Repository files navigation

Prompt Injection Detector (ModernBERT LoRA)

End-to-end pipeline for training, evaluating, and deploying a ModernBERT-based prompt injection detector. The adapters are trained with LoRA, searched with Optuna, logged to Weights & Biases, and packaged for Hugging Face Hub/Spaces.

Model Performance: Baseline vs LoRA Fine-tuned

Metric Baseline LoRA (final/test)
Accuracy 0.6138 0.9797
Precision 0.7333 0.9758
Recall 0.3577 0.9837
F1 (positive class) 0.4809 0.9798

Development Environment

Set up the Pixi-managed toolchain and dependencies:

pixi install

This creates the locked Python 3.13 environment, installs GPU-enabled PyTorch, and makes all project tasks (e.g., pixi run train-best) available.

Environment

This project uses Pixi for reproducible environment management.
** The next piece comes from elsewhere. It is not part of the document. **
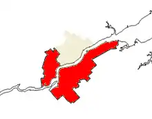 The riding of Miramichi (red) in relation to the balance of the city of Miramichi (gold).

Key specifications from pyproject.toml:

  • Python Version: 3.13.7
  • CUDA: 12.9 (required for GPU acceleration)
  • transformers (4.51.3–4.55.4): Core model loading and tokenization
  • pytorch-gpu (2.7.1): GPU-enabled PyTorch with CUDA support
  • unsloth (2025.9.11): Efficient LoRA fine-tuning for ModernBERT
  • peft (0.17.1–0.18): Parameter-efficient fine-tuning adapters
  • optuna (4.5.0–5): Hyperparameter optimization
  • datasets (3.4.1+): Data loading and processing
  • evaluate (0.4.6–0.5): Metrics computation
  • accelerate (1.10.1–2): Distributed training utilities
  • flash-attn (2.7.4): Optimized attention for faster inference
  • langdetect (1.0.9–2): Language detection for data filtering
  • cuda-toolkit (12.9.1–13): CUDA development tools

Dataset

Saved under data/processed/ (see dataset_info.json).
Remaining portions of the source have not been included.